Однако халат — это совершенно другая вещь: он не имел никакого отношения к следственному эксперименту. А эксперимент провалился благодаря тому, что это была совершенно другая блондинка, и я не раз замечал и особенно в этом вопросе, что мне никак не удается оказаться в нужном месте в нужное время: прошлое, сохраняясь во мне вместе со мной переходило в будущее, но никогда не становилось настоящим. Так однажды — это было, когда я ввязался в одну историю с художниками и поэтому, оказавшись в одной мастерской, я стал перелистывать один иностранный журнал по искусству — я увидел на странице несколько заставок для телевизионных передач о сексуальном просвещении. Везде крупными буквами SEX. Ничего особенного, но на одной из них обнаженные мальчик и девочка, просто обнаженные мальчик и девочка, с двух сторон опирающиеся на огромные, объемные буквы. Я вспомнил, как когда-то невинный, незнающий, я с восторгом и болью смотрел на любовные сцены взрослых, несравнимых со мною людей, — теперь я, познавший, обладающий опытом на все случаи жизни, видел обнаженного мальчика и обнаженную девочку и понимал, что мне никогда не сравняться с ними, никогда я не смогу понять их, они от рождения неизмеримо старше меня, Людмила. Вот так: снизу вверх. И все это потому, что я так и остался там и весь мой жизненный опыт ни на что не пошел.

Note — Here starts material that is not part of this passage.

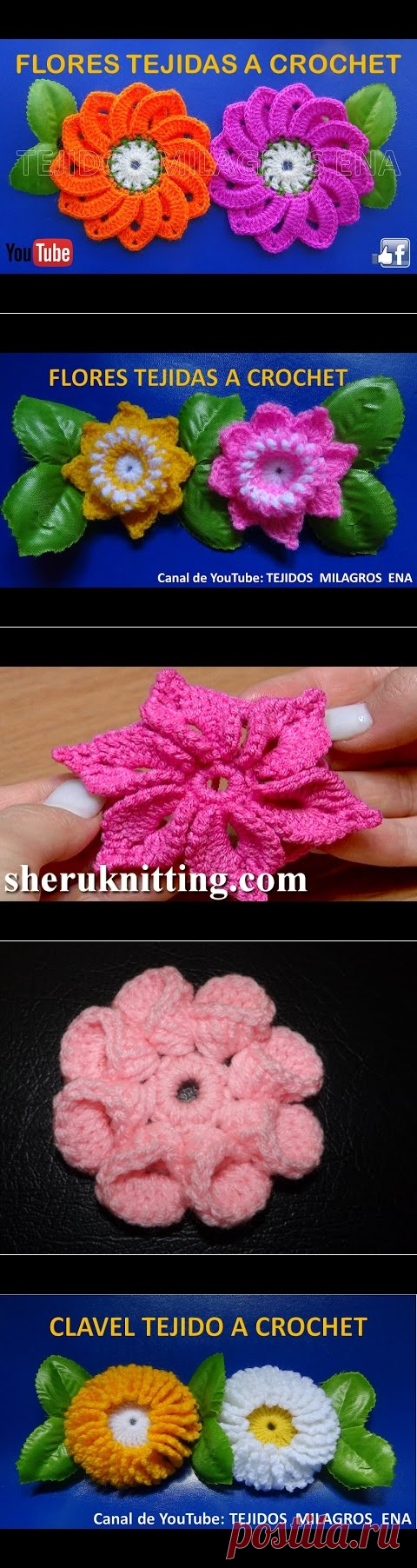 Flor tejida a crochet # 3 para tejer tapetes o carpetas con flores - YouTube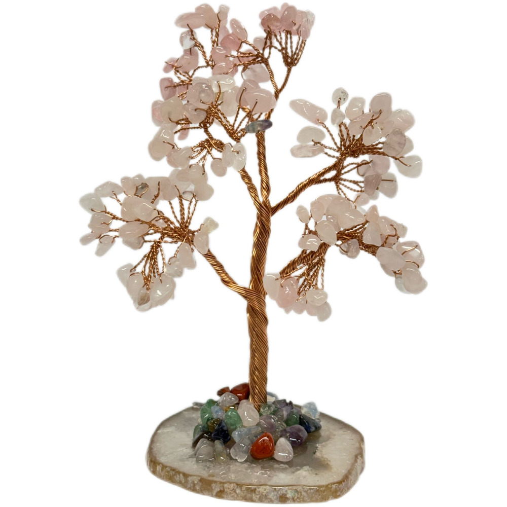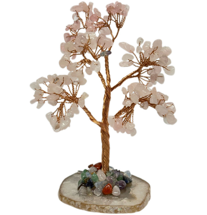Bring calm and loving energy into your space with this handcrafted Rose Quartz Crystal Tree. Adorned with soft pink rose quartz chips and twisted copper wire branches, it stands beautifully on a natural white crystal slice base, surrounded by a mix of tumbled stones. Rose quartz is known for promoting love, compassion, and emotional healing, making this tree an ideal gift or decorative piece for bedrooms, meditation areas, or healing spaces.

Я вспомнил сказку о спящей красавице, о том, как она заснула и проспала двести лет. А потом к ней приехал королевич и поцелуем разбудил ее. Она проснулась такой же, как и заснула, юной и прекрасной, но ведь ей было двести шестнадцать лет, Людмила. Ты понимаешь — двести шестнадцать! Эта сказка и тогда поражала меня, и в те дни, когда я срезал углы с фотокарточек, с каждым разом все глубже и глубже погружаясь в свою мучительную детскую страсть, на какой-то грани я с отрешенной безнадежностью понял, что эта женщина раз и навсегда невозможно старше меня, и не просто по возрасту, а по своему знанию, недоступному для меня, и эта разница, это расстояние между нами останется неизменным. И конечно, я солгал тебе, говоря, что это было только оскорбление, это была моя несчастная любовь, Людмила, — вот почему мне никогда не освободиться от этого взгляда: снизу вверх, Людмила, снизу вверх всю жизнь.